Я сморщился, отводя от нее взгляд. Итак было противно, что она регулярно ложилась в постель Лайонела, не говоря уже о Кларе. Я с трудом переваривал это.

— Ты всего лишь пешка, Стелла, — прорычал я. — Ты так же бесполезна, как ебучий сопливый носовой платок. Этоо было ясно как день на протяжении многих лет, так что извини, если я не буду плакать по тебе.

— Твой отец был бы в ярости, если бы услышал, как ты со мной разговариваешь, — воскликнула она.

— Моему отцу было бы стыдно за женщину, сидящую передо мной, если бы он был здесь сегодня, — огрызнулся я.

Можно смело утверждать, что моя мать сошла с ума в тот день, как умер отец. Я знал, что она любила его, но всякий раз, когда она говорила о нем, все было пронизано фальшивым обожанием и чрезмерно сладкими воспоминаниями, которые совсем не походили на человека, воспитывающего меня в детстве. Она нарисовала в уме его образ и решила, что он правдив. Но это не моя правда.

— Не смей пытаться использовать его против меня, — потребовала она. — Если бы он был все еще жив, то стоял бы сегодня рядом со мной, так же сильно разочарованный в тебе, как и я.

Я попытался проигнорировать этот выпад, но он пронзил мою грудь до самых костей и сухожилий, оставив после себя зияющую рану. Любовь моего отца была чем-то, чего я тайно желал, храня в запечатанном ящике своего сознания. Она была нетронута и незапятнана всем тем, что произошло после его смерти. Но возможно, моя любовь к нему была фарсом, и что он был таким же жестоким фейри, как моя мать, за исключением незапятнанных детских воспоминаний, которые у меня были о нем, но об этом было невыносимо думать. Что, если я любил ложь?

— Он был хорошим человеком, — прорычал я, решив верить в эту ложь. — Он бы понял, почему я здесь.

— Да что ты знаешь? Он умер, когда ты был ребенком, — пренебрежительно сказала она. — Его кровь была темнее моей.

— Я бы с радостью вскрыл тебя, доказывая, что твоя кровь черна, как смоль, — мрачно сказал я, и ее глаза сузились, гнев исказил ее взгляд.

— Ну, скоро это будет невозможно сделать, — сказала она с самодовольством, которое заставило меня нахмуриться.

— И что это значит?

Она встала, и я поднялся вместе с ней, обходя стол, поскольку ожидал, что она попытается уйти, не закончив фразу. Именно такое дерьмо она любила вытворять, чтобы казаться важной. Оставить меня здесь с вопросами без ответов было одним из ее любимых способов манипуляций.

Я поймал ее за руку и почувствовал, как тени зашевелились под кожей, потянувшись в попытке приласкать тех, что живут под ее. Я держал их под замком с тех самых пор, как прибыл сюда, зная, что, если охранники узнают о них, меня потащат к другому судье, заставят рассказать правду миру на допросе у Циклопа и, без сомнения, казнят в тот же гребаный день.

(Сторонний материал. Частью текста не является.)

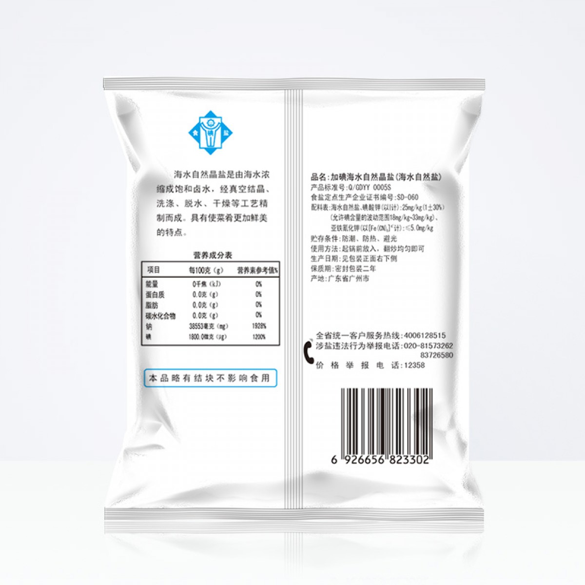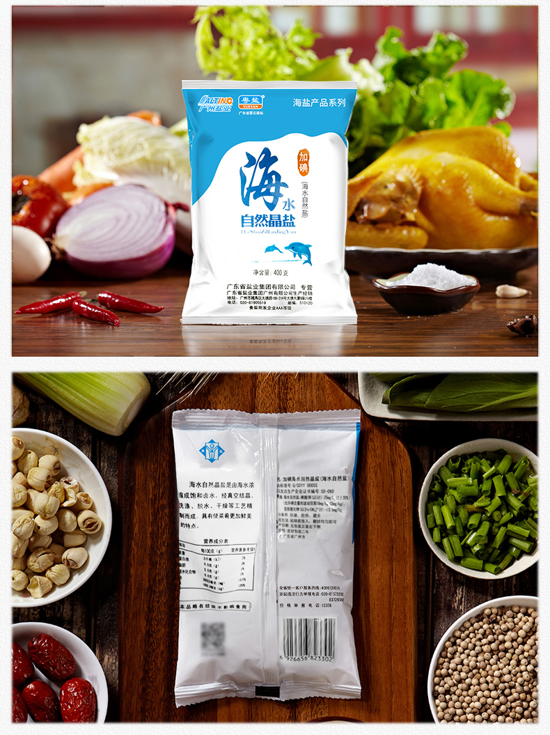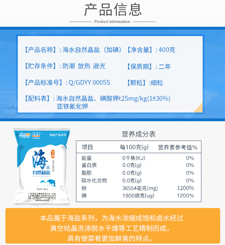 商品名称:粤盐牌 海水自然晶细盐400g

— Ну, я полагаю, не имеет значения, знаешь ли ты, — размышляла она, невинно хлопая ресницами. — Точнее, для тебя это не имеет никакого значения.

— Что не имеет значения? — подтолкнул я.

— Лайонел приближается к тому, чтобы найти очень особенный артефакт, — сказала она, и ее темные глаза заблестели от голода, который не имел ничего общего с ее Орденом.

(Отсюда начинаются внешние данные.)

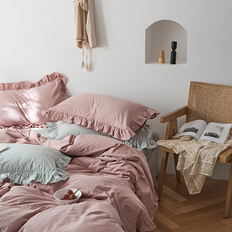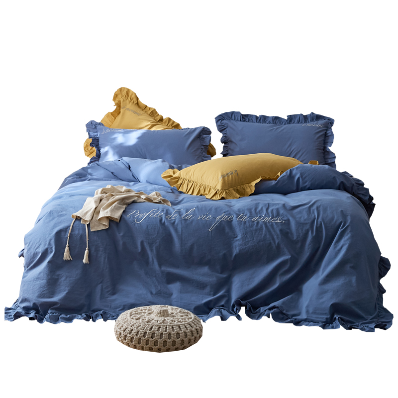 ins net red girl lace embroidery washed cotton four-piece set student dormitory pure cotton cotton bed sheet quilt cover

Мой пульс начал учащаться, пока я ждал, когда она закончит драматическую паузу и даст мне ответ. Это должно было быть тем, за чем охотились Нимфы, и почему Лайонел поручил им обыскать все королевство.

— Имперская звезда, — выдохнула она, и мое сердце болезненно сжалось.

— Это миф, — тут же ответил я, но пыл в ее взгляде заставил меня усомниться в этом. Как будто у них были какие-то доказательства, о которых я не знал.